Now for the test of Southeast of Saline. I saw this team earlier against Ellsworth. They are good. Very good. It will be by far the biggest challenge of the season for the Cardinals. Beloit was probably the best team they have played to date.

 

Kingman did score 28 on Southeast last week. That is by far the most the Trojans have given up. The game is at Hoisington. Last year in Gypsum, Southeast won 44-21. I’d like to pick the Cardinals. I hope they win.

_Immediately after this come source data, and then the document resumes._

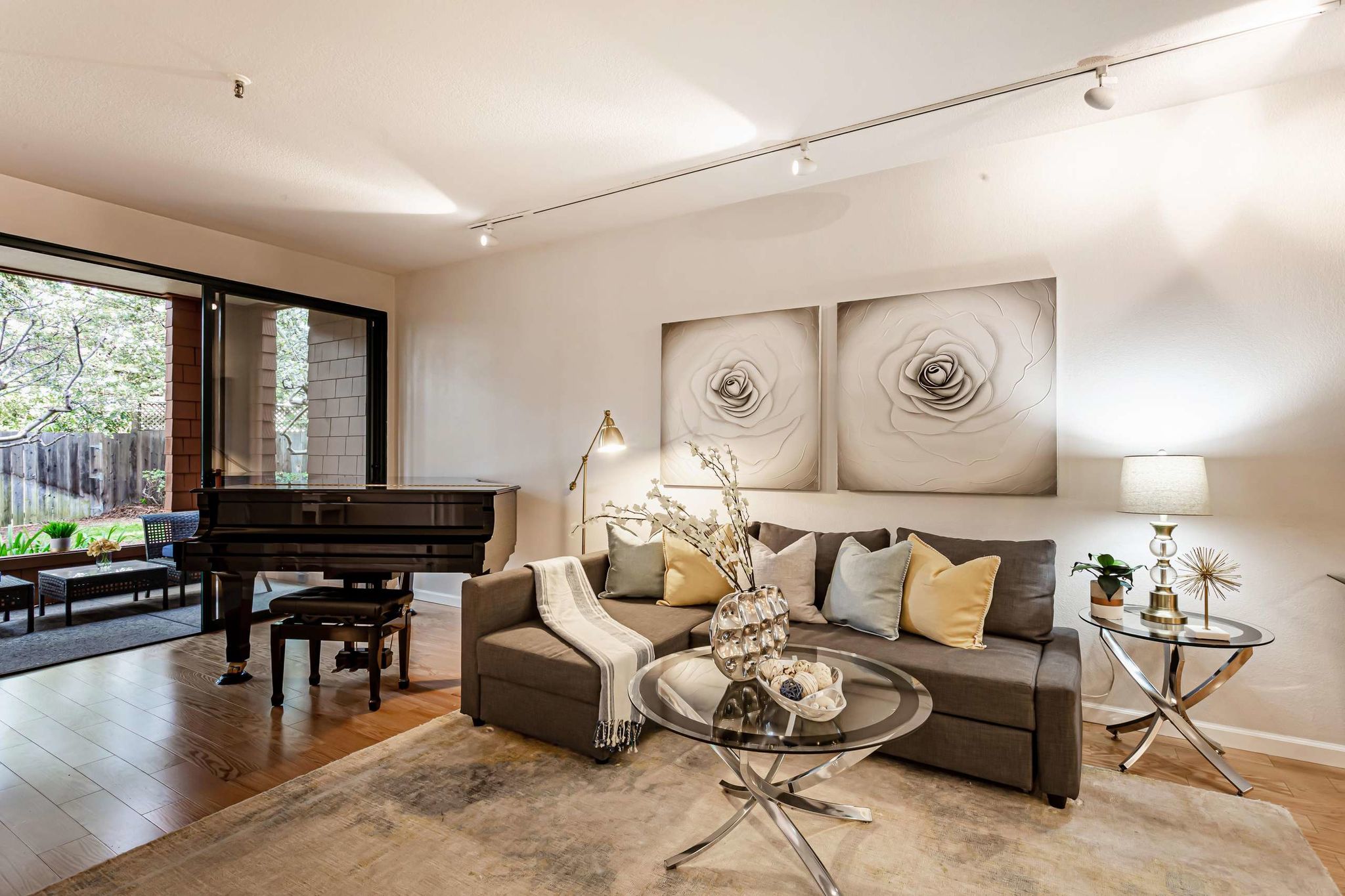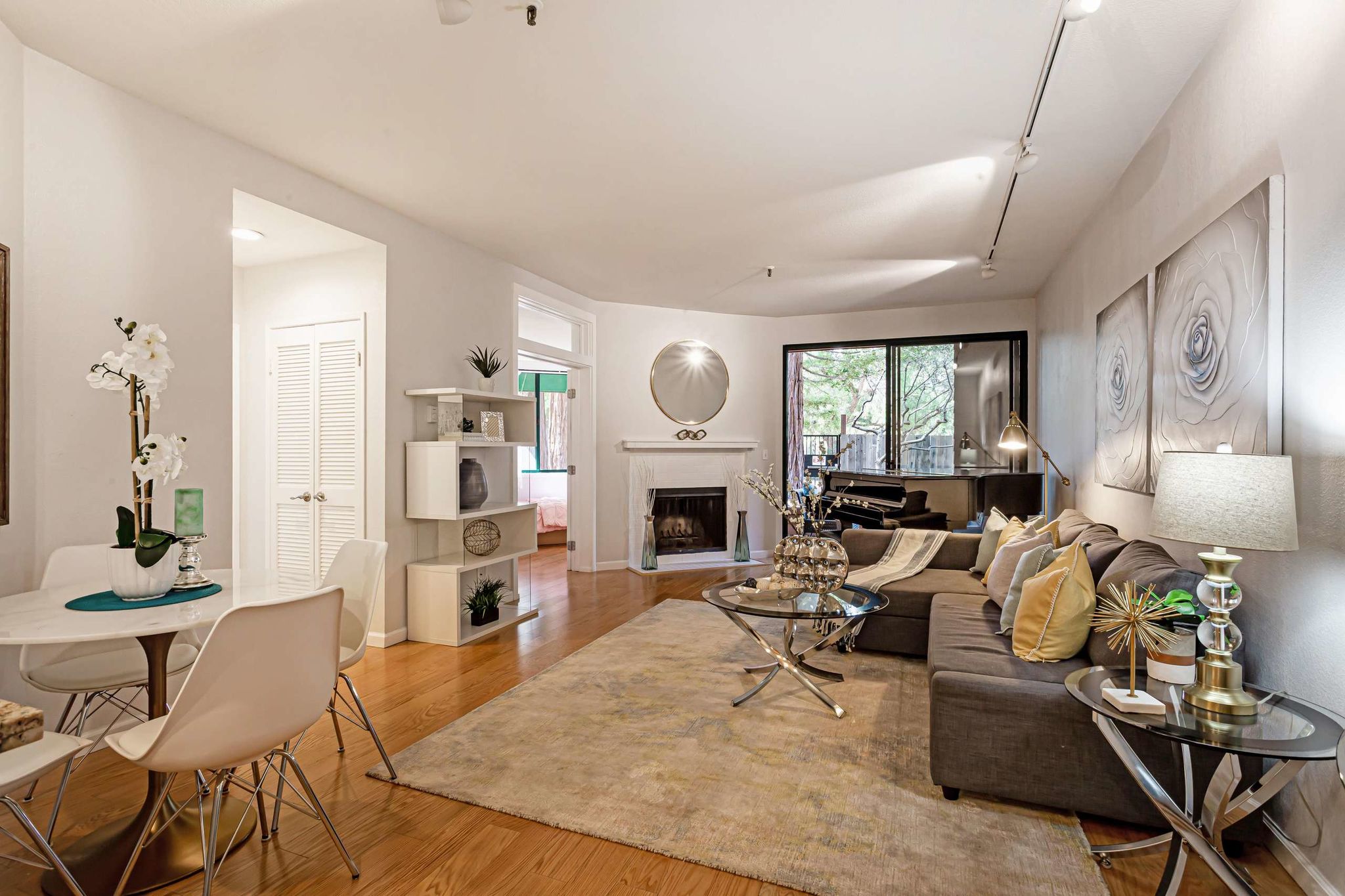 fireplace, hardwood floors, fresh paint, track lighting plus large sliding
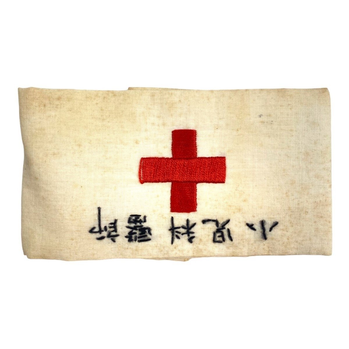 The Japanese armband is in used condition and was worn by a pediatrician.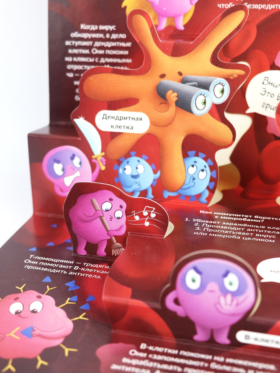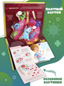 Яркая энциклопедия Вирусы и бактерии в формате книжки-панорамки с невероятными объёмными иллюстрациями. 3D-развороты создают ощущение дополненной реальности. Внутри малыш найдёт откидные клапаны-сюрпризы, открывая которые он узнает ещё больше интересного о микробах. Наличие объемных и открывающихся элементов развивает мелкую моторику и пространственное мышление ребёнка. Размер обложки: 26х20 см, 5 объёмных разворотов. Порадуйте своего ребёнка увлекательной энциклопедией-панорамкой с яркими иллюстрациями! Количество страниц 10.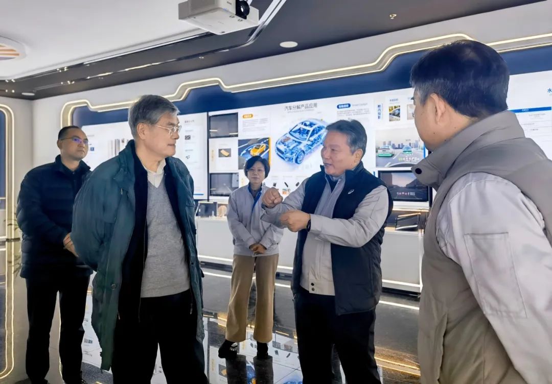 在战略展厅,董事兼总经理王震宇详细地为潘云鹤院士一行介绍了DG视讯光电从创立之初至今的发展历程,特别是在消费电子领域的深耕细作、车载光电技术的突破性进展,以及积极拥抱AR/VR时代的光学战略布局。潘院士对每一环节的讲解都表现出浓厚兴趣,不时点头赞许,并与公司高管就技术前沿、市场趋势等话题展开了深入而富有前瞻性的交流。潘院士还特别关注了公司的技术研发体系,对DG视讯光电在光学领域持续创新、不断突破所取得的成果给予了高度评价。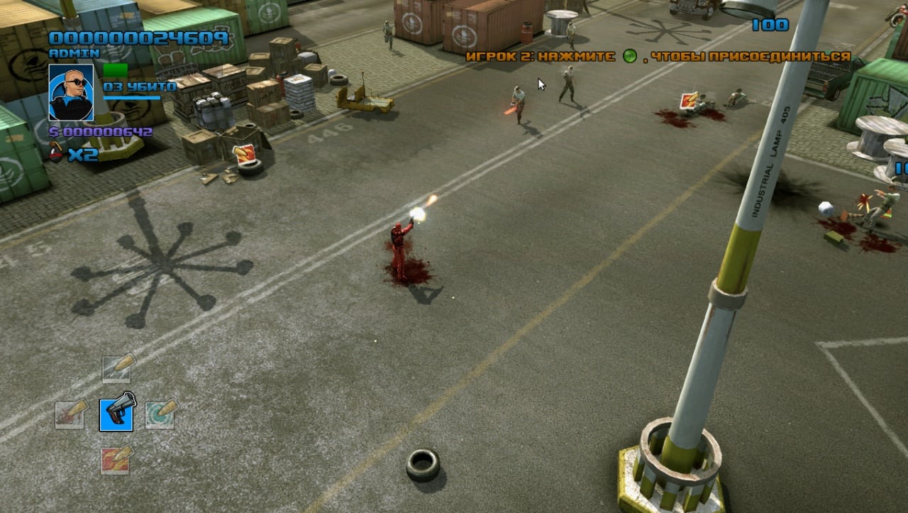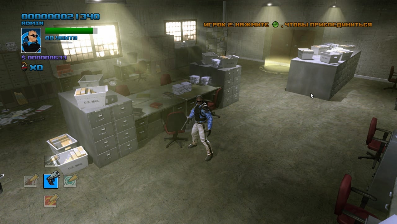 После основного прохождения юзер может использовать кооперативный режим и пригласить в банду из двух человек друга. Отличаются они только цветом рубашки и боевыми навыками, поэтому в таком режиме разносить головы можно вдвоем. Чтобы запасы патронов и здоровья не заканчивались так быстро, нужно попутно собирать аптечки и «раздевать» вражеские трупы, снимая с них нужное геймеру оружие.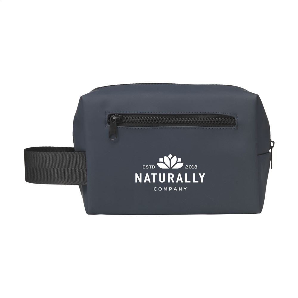 Practical and sturdy toiletry bag for the storage of personal care accessories. The outside of the material of this toiletry bag is made from water-repellent PU, 7% recycled PU and 32% recycled polyester. This toiletry bag is very robust but also easy to keep clean. Ideal for use in bathrooms and shower rooms. The inside is finished with a 210D RPET polyester lining. A generously sized zip pocket features elastic straps and a handy side pocket, making it easy to keep all of your essentials organised. In addition, this toiletry bag has a second zipper pocket on the front and a handy carrying loop. A sturdy all-rounder for daily use. RCS-certified. Total recycled material: 39%.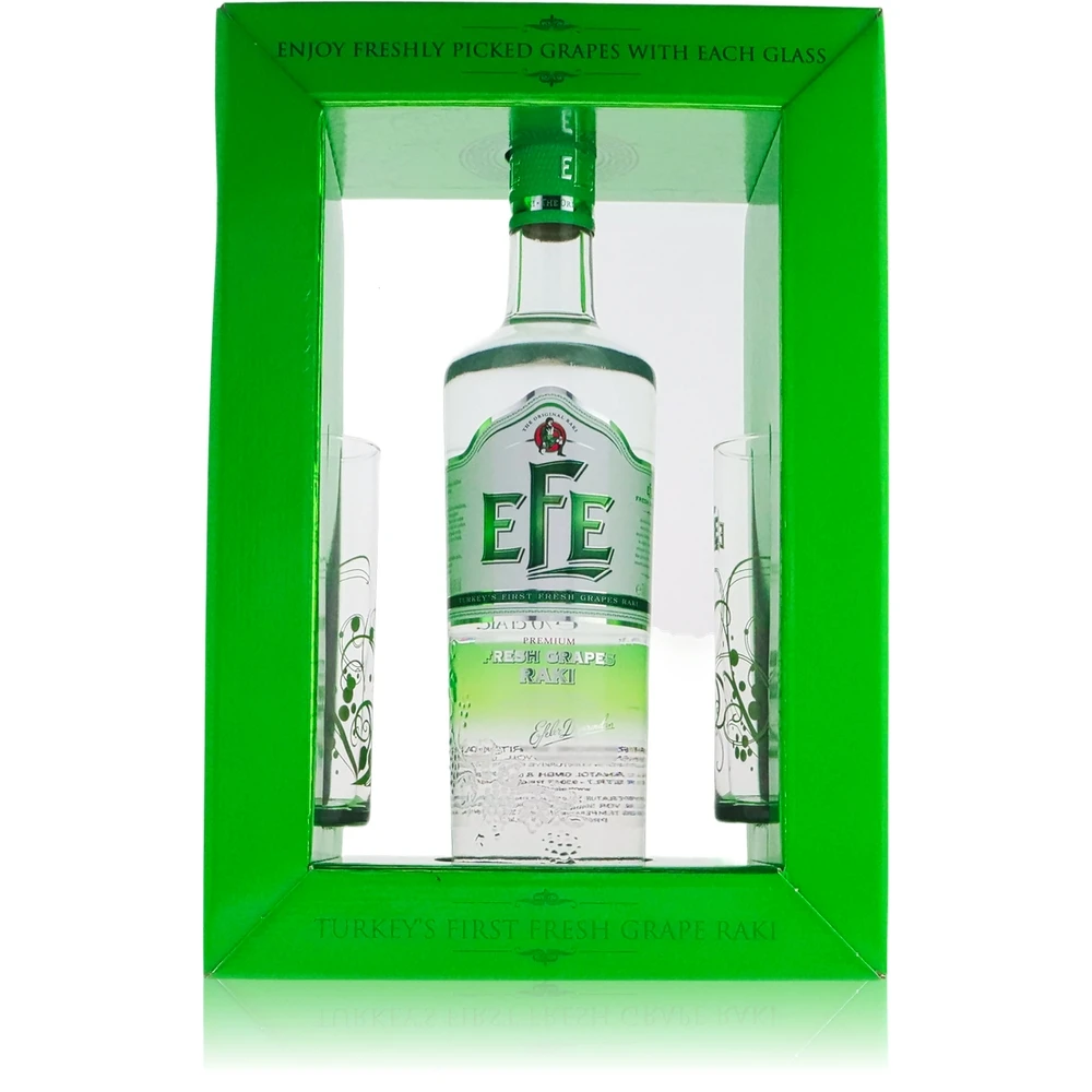 Entdecken Sie den authentischen Geschmack der Türkei mit der Efe Fresh Grape Geschenkverpackung, die speziell für Raki-Liebhaber konzipiert wurde. Diese einzigartige Geschenkverpackung enthält nicht nur eine Flasche des hochgeschätzten Efe Fresh Grape Raki, sondern wird zusätzlich mit zwei eleganten Trinkgläsern geliefert, die das Trinkerlebnis abrunden.

But my gut tells me Southeast is on the way to the state championship game this year.

 

And Finally

 

Congratulations to Great Bend High product and now Fort Hays State Hall of Famer Shawn Behr. Shawn was inducted into the Fort Hays Hall a couple of Saturday’s ago.

 

A well deserved honor. For anyone around that 1995 team, it was a memorable season.

 

I was writing for the Hays Daily News when Shawn took the Rocky Mountain Athletic Conference by storm. Well, him and perhaps the best group of receivers the school has seen. Shoot, might just be the best group of receivers NCAA DII has even seen.

 

In his only season as quarterback of the Tigers, Behr threw for 3497 yards and 34 touchdowns. He completed 211-of-365 passes. All but rewrote the Fort Hays record books at the time.

 

The receiving corps of Lance Schwindt (who could run like a deer), Xavier Brown, Khan Powell and Frankie Martin were unmatched. Schwindt was also a track star who went deep in the Denver Broncos training camp. Powell and Brown played Arena League football. 

 

Behr actually walked on the previous year (a long story) and played like one down to lose his eligibility for that season. His senior season was a gem to watch.

 

I remember in the first game this big fella wearing number 34 trotted out to play quarterback. Yes, 34. It was like, what in the world? But the QB numbers didn’t fit. The rest, as they say, is history.

 

My buddy Steve Webster, also in the Fort Hays Hall of Fame, did the games on the radio. I helped with some color commentary and wrote for the Hays Daily. I witnessed every game, home and away, that season.

 

I remember at New Mexico Highlands, he torched them for nearly 400 yards. One of the things I remember most was going to Adams State in Alamosa, Colo. and walking on the field. I swear the grass was almost halfway up my shin. Anything teams could do to slow down the Tigers’ speed and vaunted passing attack. Fort Hays scored 50 in that game.

 

I’m usually not a fan of 1-year players making the Hall of Fame. But in this case, what Behr did that season can not go unrecognized. He was a 1st team All-American for the Tigers that season. Schwindt was also a 1st team All-American that year (15 receiving TDs). They finished 8-2-2, tying Western State for the RMAC title. 

 

Fort Hays tied Pittsburg State early in the year. Pitt State finished as the national runner-up that season. During a 5-game stretch late, the Tigers scored 51, 62, 50, 56, and 47. To this day that is my favorite Fort Hays team. And it’s not close. Well, the ‘93 team is kind of close but doesn’t measure up.

 

I still remember several names from that team and even run into some during Friday night football. Many of the studs were Kansas kids. Clint Bedore (Stockton), Jeremy Hawk (Norton), and Keith Eck (Andale) were absolute studs. Mike Lankas (Atwood), Scott Karl (Hays) were also defensive stalwarts. 

 

I still run across both Bedore and Hawks. Bedore is the AD at Stockton and Hawks on the coaching staff at Norton. The head coach at Norton, Lucas Melvin, also played on that team.

 

What a fun football season 1995 was at Fort Hays State. Congratulations Shawn. Well deserved honor.